(Excerpts from a dataset)

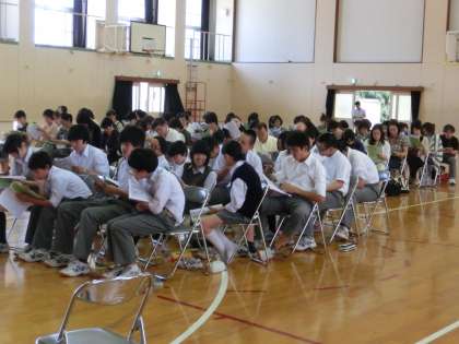 昨日の「第1回線路説明会」に多くの保護者の皆様にご来校いただき、ありがとうございました。今年度の公立高等学校の入学選抜制度の変更を中心に、3年生と一緒に説明を聞いていただきました。生徒たちにとっては、進路は自分自身が切り拓いていかねばならない課題であるのは当然ですが、それを保護者の皆様が温かく支えていただいているのだということを自覚し、自分に合った、自分が望む進路を決定して欲しいと思います。
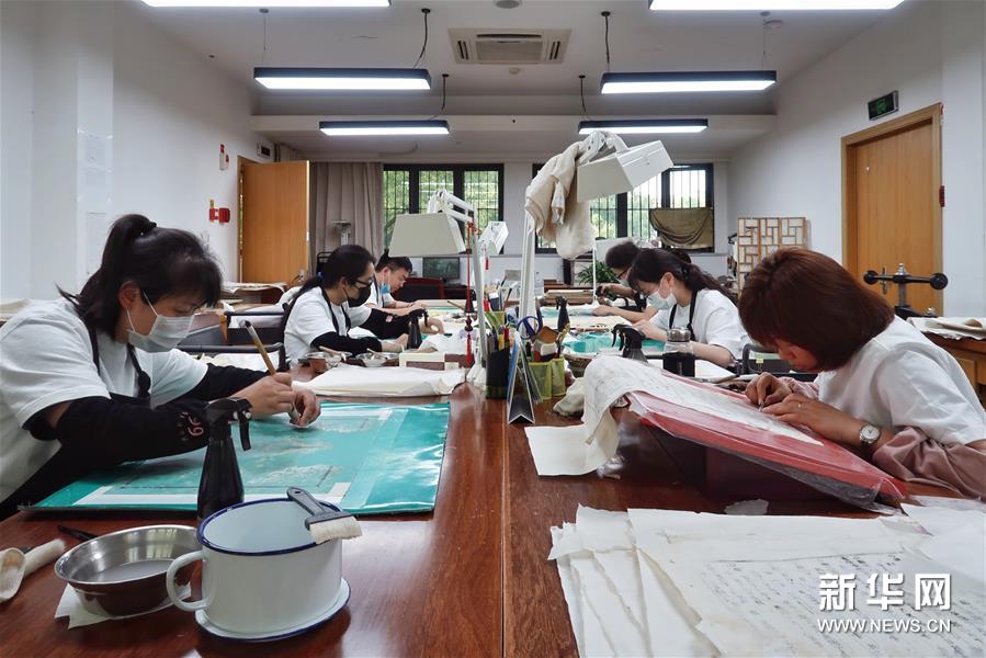天一閣藏品修復部目前有修復師14人,每年約修復古籍14000余頁。據(jù)介紹,修復一冊古籍通常需要1至2個月,有的甚至需要1年以上。 新華社記者 鄭夢雨 攝
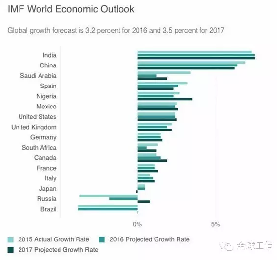 虽然上调了中国GDP增长率,然而未来依然保持整体减速的趋势。预计今年在6%左右,2017年会进一步降低。印度再次被寄予厚望,去年,其经济增速已经超过中国,接下来也将如此,而且GDP增长率将提升,即呈现加速奔跑的状态。当然,有人对此不以为然,认为印度面临很难突破的诸多地方特色的民主、宗教、基础设施、土地等问题,即使莫迪这样的改革派政治家,也举步维艰。
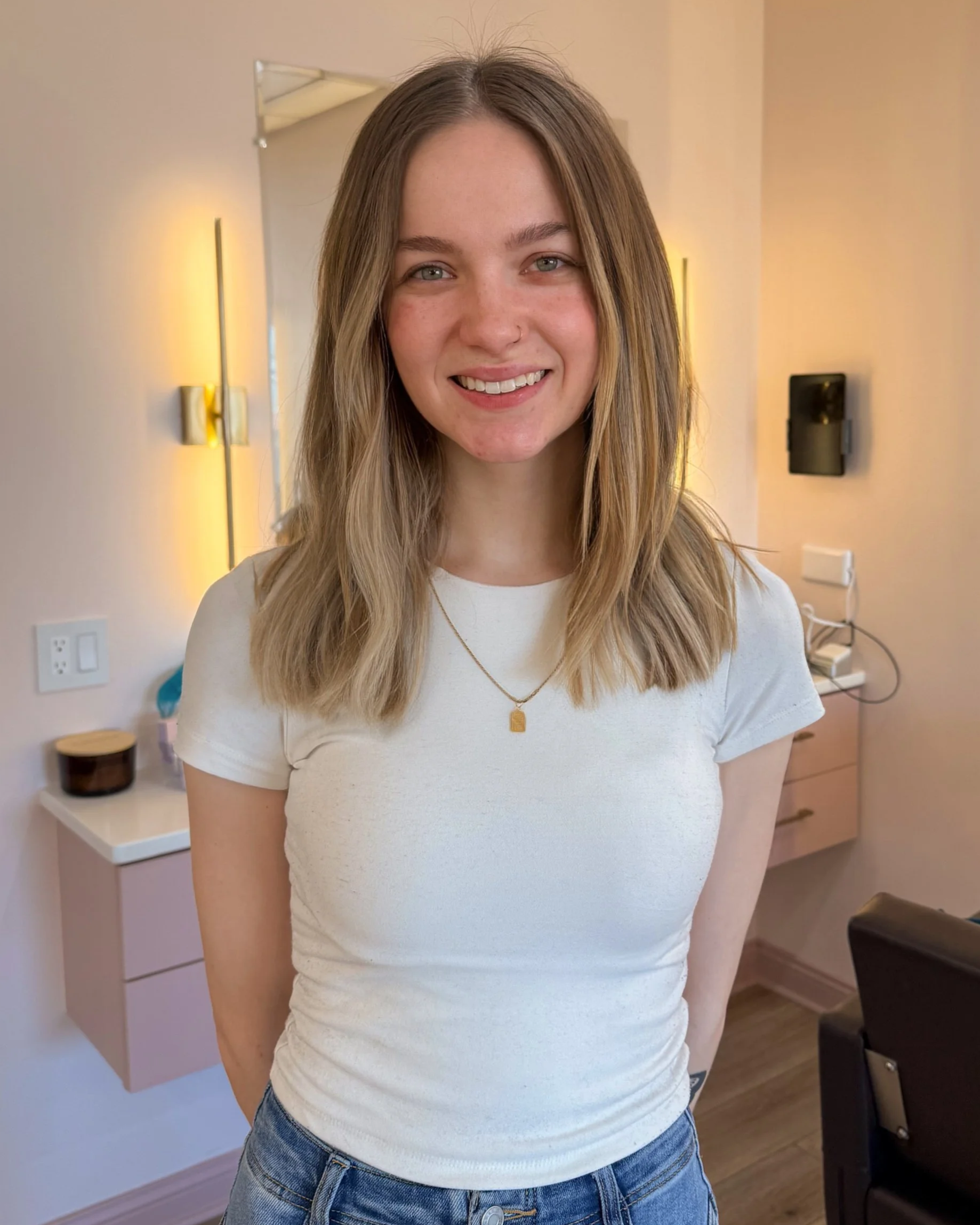 In my chair, you can expect not only beautiful results but a fun, uplifting experience. I want your reservation to feel like catching up with a friend — relaxed, positive, and something you genuinely look forward to. Hair days should be exciting, and I love bringing that energy to every guest who sits with me.
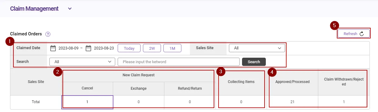 If click [Refresh] button, we will collect all the claim requests from the sales site you’ve set.
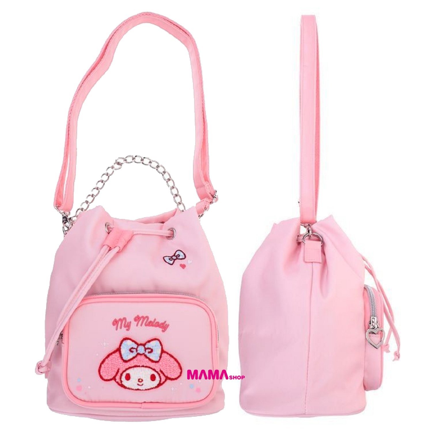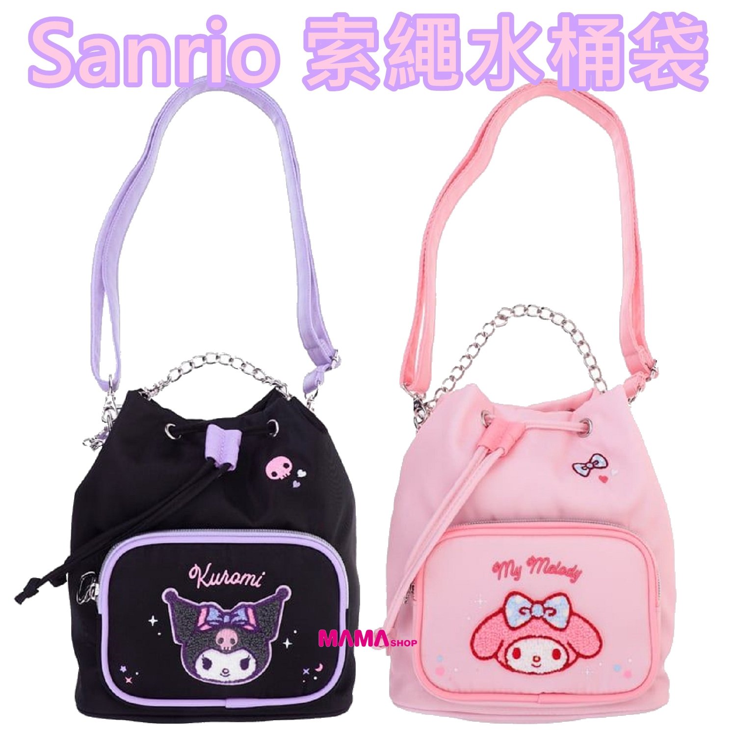 2款選擇 My Melody Kuromi - 前方拉鍊格印有精美刺繡章,可擺放細小物件。 - 內𥚃口袋提供實用收納空間 - 附送可調節、可拆缷肩帶及短銀扣鏈帶,配合不同的身高需要, 鐘意單揹、側揹、斜揹、手挽亦可 - 穿上簡單配搭就可著出自己風格 物料: 聚酯纖維 尺寸: 17.5*20*12cm 網站自助下單: 1. 進入商舖,挑選貨品然後按購買,加到購物車後按下一步。 2. 選擇送貨方法後再填寫送貨/取貨資料 3. 選擇付款方法後再付款,然後就會收到訂單確認通知 4. 顧客會收到電郵通知,請於2日內付款,愈時訂單作廢 5. 付款後,請在訂單內上載付款存據,以便確認 選擇付款方法: 過數後請Send入數紙/請提供cap圖,請在訂單內上載付款存據,以便確認 取貨安排: 1). 選擇門市取貨的客人:確認訂單後,貨品到達門市後會以WhatsApp訊息通知取貨 2). 選擇順便快遞的客人(順豐到付): 確認訂單後,如有現貨約2-3個工作天內寄出 3). 選擇平郵的客人: 確認訂單後,如有現貨約2-3個工作天內寄出 如有任何查詢,請點擊右下角,揀選聯絡方法,與店長即時聯絡,歡迎在線查詢
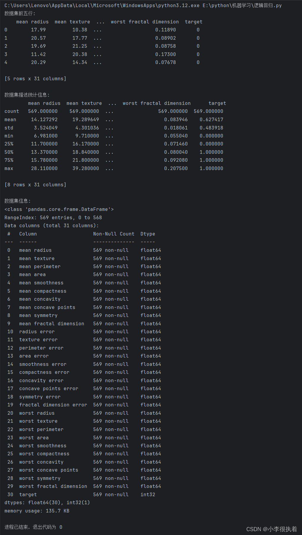 在本案例中,我们将使用经典的乳腺癌数据集(Breast Cancer Dataset)进行乳腺癌检测预测。该数据集包含569个样本,每个样本有30个特征,并标记为良性(0)或恶性(1)。我们的目标是使用这些特征训练一个逻辑回归模型,预测新的样本是良性还是恶性。
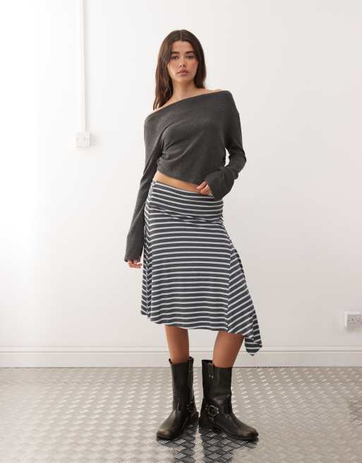 COLLUSION – Szara asymetryczna spódnica midi w paski
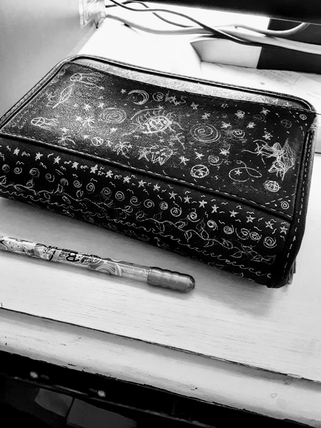 Jaime pulled the black notebook out and saw the doodles she had made on it with her gel pens when she was in 5th grade. The pink and blue metallic stars and palm trees, cats and peace signs were faded with age but still quite beautiful against the soft black leather. Jaime remembered the big antique oak desk where her mother had kept this notebook so many years ago. It had a pocket in the front, Jaime ran her hand inside and sadly found it empty. It opened with a zipper and as Jaime sat down to look inside her mother quickly grabbed it from her.
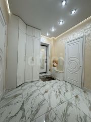 Заменена электрика, сантехника, радиаторы, выровнены полы. Натяжные парящие матовые потолки. Много света, который можно регулировать как с выключателя, так и с пульта. Светильники дизайнерские (Италия, Германия).
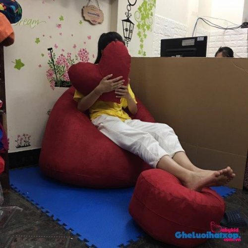 Bộ ghế lười hạt xốp dáng lê da lộn đỏ đô size L GL L225
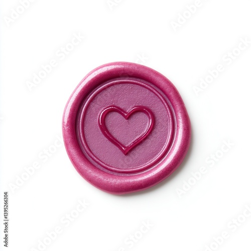 Pink Wax Seal with Heart Symbol on White Background
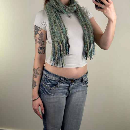 Y2K vintage fine knit stripe scarf lightweight sheer glittery sparkly grey black
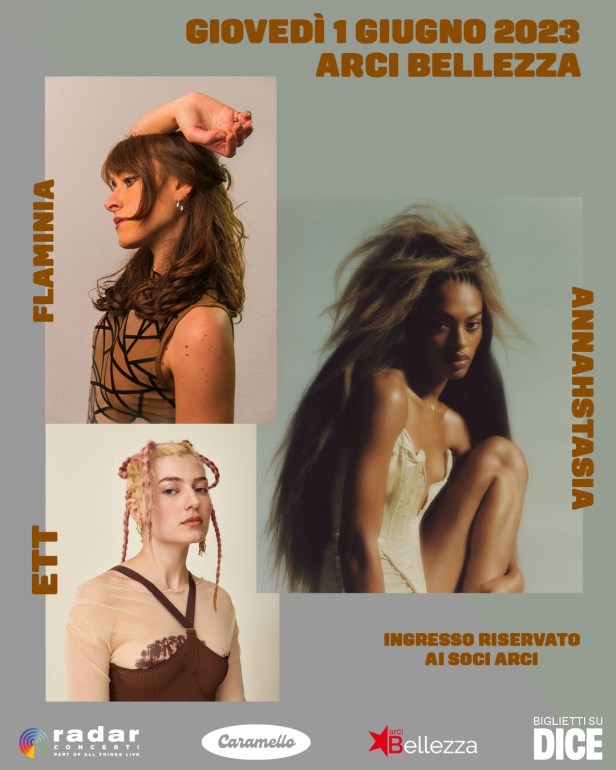 RADAR Concerti presenta Annahstasia la cantautrice americana, torna in Italia, dopo aver aperto i concerti di Lenny Kravitz a Milano e Bologna nel 2019, per una data tutta al femminile insieme a ETT e Flaminia che si terrà il 1 giugno 2023 all’Arci Bellezza di Milano in collaborazione con Caramello. I biglietti sono disponibili solo sulla piattaforma di ticketing e discrovery DICE. Annahstasia è considerata una degli astri nascenti del nu soul americano, dalla voce sontuosa e sensibile ispirata alle grandi artiste d’oltreoceano, da Janis Joplin e Nina Simone, come racconta lei stessa. L’artista torna in Italia per una data esclusiva, ad accompagnarla saranno ETT, giovane cantautrice dream pop contaminato da elementi sonori raccolti dai lunghi anni trascorsi all’estero, e dall’elettro pop di Flaminia, tra sperimentazione musicale ed elettronica di matrice francese. Quando Annahstasia scrive una canzone, questa incarna un mondo a sé stante. La cantautrice afferma che la sua pratica artistica è intrisa di fantasia e romanticismo e la prospettiva rosea di Annahstasia prende vita dalla sua voce incantevolmente sontuosa e acrobatica che ha sviluppato grazie a un apprezzamento per artisti come Bill Withers, Nina Simone e Janis Joplin. “Sono stati i primi musicisti che ho sentito prestare la loro voce alla loro musica e non la musica alla loro voce“, spiega. Durante il processo creativo preferisce immaginare gli spiriti che vivono nelle sue canzoni, come potrebbero apparire, muoversi, parlare o ballare, e parlare delle loro identità in tempo reale attraverso la sua musica. Il suo primo disco da solista “Sacred Bull” del 2019, è stato un esperimento onesto e senza fronzoli che le ha aperto le porte a collaborazioni con artisti del calibro della cantante Raveena, presente nel suo nuovo disco, e di Lenny Kravitz, che l’ha invitata a supportarlo come opener nel suo tour europeo “Raise Vibrations”. Ora, la splendida voce di Annahstasia è il filo conduttore del suo prossimo disco dalle radici folk, Revival, un progetto delicatamente prodotto che ha rinnovato il suo amore per la musica dopo un periodo di incertezza e ha facilitato una potente rinascita di sé. ETT è il progetto di Gaya Misrachi, giovane cantautrice triestina di origine greca, inizia a muovere i primi passi nella musica da giovanissima. Lo stile del progetto è improntato sul genere dream pop, contaminato nel sound da elementi sonori raccolti dai suoi lunghi trascorsi all’estero. L’artista oltre che ad esporre il suo mondo in musica si racconta attraverso i suoi dipinti ed artwork, rendendo il tutto più interpretabile e coinvolgente per coloro che l’ascoltano. Nell’autunno 2021 entra a far parte del roster di ISLAND (Universal Music Italia). Flaminia, nata da una famiglia di musicisti, fin da piccola mostra interesse verso la musica e il canto. Dopo aver trascorso gli anni dell’adolescenza nell’ambito della musica classica, comincia a dedicarsi a produzioni inedite con un occhio rivolto alla musica pop elettronica. L’estate del 2018, a Nashville e New York, collabora ad alcune produzioni in studio e scrive l’Ep “Lotus” uscito a Novembre del 2020. Con i primi due singoli viene selezionata artista JustDiscovered da Mtv New Generation e inserita nella playlist del programma di Alessio Bertallot “Casa Bertallot” mentre il magazine online DLSO presenta in anteprima il video di “HLNG”. Nella primavera del 2022 esce “KOMOREBI”, il suo primo EP in italiano. Un viaggio musicale e personale attraverso canzoni che richiamano paesaggi nordici e intimi, definito da sonorità elettroniche, con riferimenti alla scuola francese e a mondi più sperimentali. I brani hanno ricevuto molta attenzione da parte del pubblico e addetti ai lavori e sono stati inseriti, tra le altre playlist, su Fresh Finds Italia, Alessio Bertallot Selecta, Anima R&B e New Music Friday. È in programma l’uscita di un nuovo EP a maggio 2023, anticipato dalla release di alcuni singoli che confermano la cifra pop elettronica del progetto, con uno sguardo a sonorità più industriali tra suoni metallici e taglienti.

> **Goal of the exercise**: Copy the entries precisely, images excluded.

> **Answer below**:
 昨日の「第1回線路説明会」に多くの保護者の皆様にご来校いただき、ありがとうございました。今年度の公立高等学校の入学選抜制度の変更を中心に、3年生と一緒に説明を聞いていただきました。生徒たちにとっては、進路は自分自身が切り拓いていかねばならない課題であるのは当然ですが、それを保護者の皆様が温かく支えていただいているのだということを自覚し、自分に合った、自分が望む進路を決定して欲しいと思います。
天一閣藏品修復部目前有修復師14人,每年約修復古籍14000余頁。據(jù)介紹,修復一冊古籍通常需要1至2個月,有的甚至需要1年以上。 新華社記者 鄭夢雨 攝
 虽然上调了中国GDP增长率,然而未来依然保持整体减速的趋势。预计今年在6%左右,2017年会进一步降低。印度再次被寄予厚望,去年,其经济增速已经超过中国,接下来也将如此,而且GDP增长率将提升,即呈现加速奔跑的状态。当然,有人对此不以为然,认为印度面临很难突破的诸多地方特色的民主、宗教、基础设施、土地等问题,即使莫迪这样的改革派政治家,也举步维艰。
 In my chair, you can expect not only beautiful results but a fun, uplifting experience. I want your reservation to feel like catching up with a friend — relaxed, positive, and something you genuinely look forward to. Hair days should be exciting, and I love bringing that energy to every guest who sits with me.
 If click [Refresh] button, we will collect all the claim requests from the sales site you’ve set.
 2款選擇 My Melody Kuromi - 前方拉鍊格印有精美刺繡章,可擺放細小物件。 - 內𥚃口袋提供實用收納空間 - 附送可調節、可拆缷肩帶及短銀扣鏈帶,配合不同的身高需要, 鐘意單揹、側揹、斜揹、手挽亦可 - 穿上簡單配搭就可著出自己風格 物料: 聚酯纖維 尺寸: 17.5*20*12cm 網站自助下單: 1. 進入商舖,挑選貨品然後按購買,加到購物車後按下一步。 2. 選擇送貨方法後再填寫送貨/取貨資料 3. 選擇付款方法後再付款,然後就會收到訂單確認通知 4. 顧客會收到電郵通知,請於2日內付款,愈時訂單作廢 5. 付款後,請在訂單內上載付款存據,以便確認 選擇付款方法: 過數後請Send入數紙/請提供cap圖,請在訂單內上載付款存據,以便確認 取貨安排: 1). 選擇門市取貨的客人:確認訂單後,貨品到達門市後會以WhatsApp訊息通知取貨 2). 選擇順便快遞的客人(順豐到付): 確認訂單後,如有現貨約2-3個工作天內寄出 3). 選擇平郵的客人: 確認訂單後,如有現貨約2-3個工作天內寄出 如有任何查詢,請點擊右下角,揀選聯絡方法,與店長即時聯絡,歡迎在線查詢
 在本案例中,我们将使用经典的乳腺癌数据集(Breast Cancer Dataset)进行乳腺癌检测预测。该数据集包含569个样本,每个样本有30个特征,并标记为良性(0)或恶性(1)。我们的目标是使用这些特征训练一个逻辑回归模型,预测新的样本是良性还是恶性。
 COLLUSION – Szara asymetryczna spódnica midi w paski
 Jaime pulled the black notebook out and saw the doodles she had made on it with her gel pens when she was in 5th grade. The pink and blue metallic stars and palm trees, cats and peace signs were faded with age but still quite beautiful against the soft black leather. Jaime remembered the big antique oak desk where her mother had kept this notebook so many years ago. It had a pocket in the front, Jaime ran her hand inside and sadly found it empty. It opened with a zipper and as Jaime sat down to look inside her mother quickly grabbed it from her.
 Заменена электрика, сантехника, радиаторы, выровнены полы. Натяжные парящие матовые потолки. Много света, который можно регулировать как с выключателя, так и с пульта. Светильники дизайнерские (Италия, Германия).
 Bộ ghế lười hạt xốp dáng lê da lộn đỏ đô size L GL L225
 Pink Wax Seal with Heart Symbol on White Background
 Y2K vintage fine knit stripe scarf lightweight sheer glittery sparkly grey black
 RADAR Concerti presenta Annahstasia la cantautrice americana, torna in Italia, dopo aver aperto i concerti di Lenny Kravitz a Milano e Bologna nel 2019, per una data tutta al femminile insieme a ETT e Flaminia che si terrà il 1 giugno 2023 all’Arci Bellezza di Milano in collaborazione con Caramello. I biglietti sono disponibili solo sulla piattaforma di ticketing e discrovery DICE. Annahstasia è considerata una degli astri nascenti del nu soul americano, dalla voce sontuosa e sensibile ispirata alle grandi artiste d’oltreoceano, da Janis Joplin e Nina Simone, come racconta lei stessa. L’artista torna in Italia per una data esclusiva, ad accompagnarla saranno ETT, giovane cantautrice dream pop contaminato da elementi sonori raccolti dai lunghi anni trascorsi all’estero, e dall’elettro pop di Flaminia, tra sperimentazione musicale ed elettronica di matrice francese. Quando Annahstasia scrive una canzone, questa incarna un mondo a sé stante. La cantautrice afferma che la sua pratica artistica è intrisa di fantasia e romanticismo e la prospettiva rosea di Annahstasia prende vita dalla sua voce incantevolmente sontuosa e acrobatica che ha sviluppato grazie a un apprezzamento per artisti come Bill Withers, Nina Simone e Janis Joplin. “Sono stati i primi musicisti che ho sentito prestare la loro voce alla loro musica e non la musica alla loro voce“, spiega. Durante il processo creativo preferisce immaginare gli spiriti che vivono nelle sue canzoni, come potrebbero apparire, muoversi, parlare o ballare, e parlare delle loro identità in tempo reale attraverso la sua musica. Il suo primo disco da solista “Sacred Bull” del 2019, è stato un esperimento onesto e senza fronzoli che le ha aperto le porte a collaborazioni con artisti del calibro della cantante Raveena, presente nel suo nuovo disco, e di Lenny Kravitz, che l’ha invitata a supportarlo come opener nel suo tour europeo “Raise Vibrations”. Ora, la splendida voce di Annahstasia è il filo conduttore del suo prossimo disco dalle radici folk, Revival, un progetto delicatamente prodotto che ha rinnovato il suo amore per la musica dopo un periodo di incertezza e ha facilitato una potente rinascita di sé. ETT è il progetto di Gaya Misrachi, giovane cantautrice triestina di origine greca, inizia a muovere i primi passi nella musica da giovanissima. Lo stile del progetto è improntato sul genere dream pop, contaminato nel sound da elementi sonori raccolti dai suoi lunghi trascorsi all’estero. L’artista oltre che ad esporre il suo mondo in musica si racconta attraverso i suoi dipinti ed artwork, rendendo il tutto più interpretabile e coinvolgente per coloro che l’ascoltano. Nell’autunno 2021 entra a far parte del roster di ISLAND (Universal Music Italia). Flaminia, nata da una famiglia di musicisti, fin da piccola mostra interesse verso la musica e il canto. Dopo aver trascorso gli anni dell’adolescenza nell’ambito della musica classica, comincia a dedicarsi a produzioni inedite con un occhio rivolto alla musica pop elettronica. L’estate del 2018, a Nashville e New York, collabora ad alcune produzioni in studio e scrive l’Ep “Lotus” uscito a Novembre del 2020. Con i primi due singoli viene selezionata artista JustDiscovered da Mtv New Generation e inserita nella playlist del programma di Alessio Bertallot “Casa Bertallot” mentre il magazine online DLSO presenta in anteprima il video di “HLNG”. Nella primavera del 2022 esce “KOMOREBI”, il suo primo EP in italiano. Un viaggio musicale e personale attraverso canzoni che richiamano paesaggi nordici e intimi, definito da sonorità elettroniche, con riferimenti alla scuola francese e a mondi più sperimentali. I brani hanno ricevuto molta attenzione da parte del pubblico e addetti ai lavori e sono stati inseriti, tra le altre playlist, su Fresh Finds Italia, Alessio Bertallot Selecta, Anima R&B e New Music Friday. È in programma l’uscita di un nuovo EP a maggio 2023, anticipato dalla release di alcuni singoli che confermano la cifra pop elettronica del progetto, con uno sguardo a sonorità più industriali tra suoni metallici e taglienti.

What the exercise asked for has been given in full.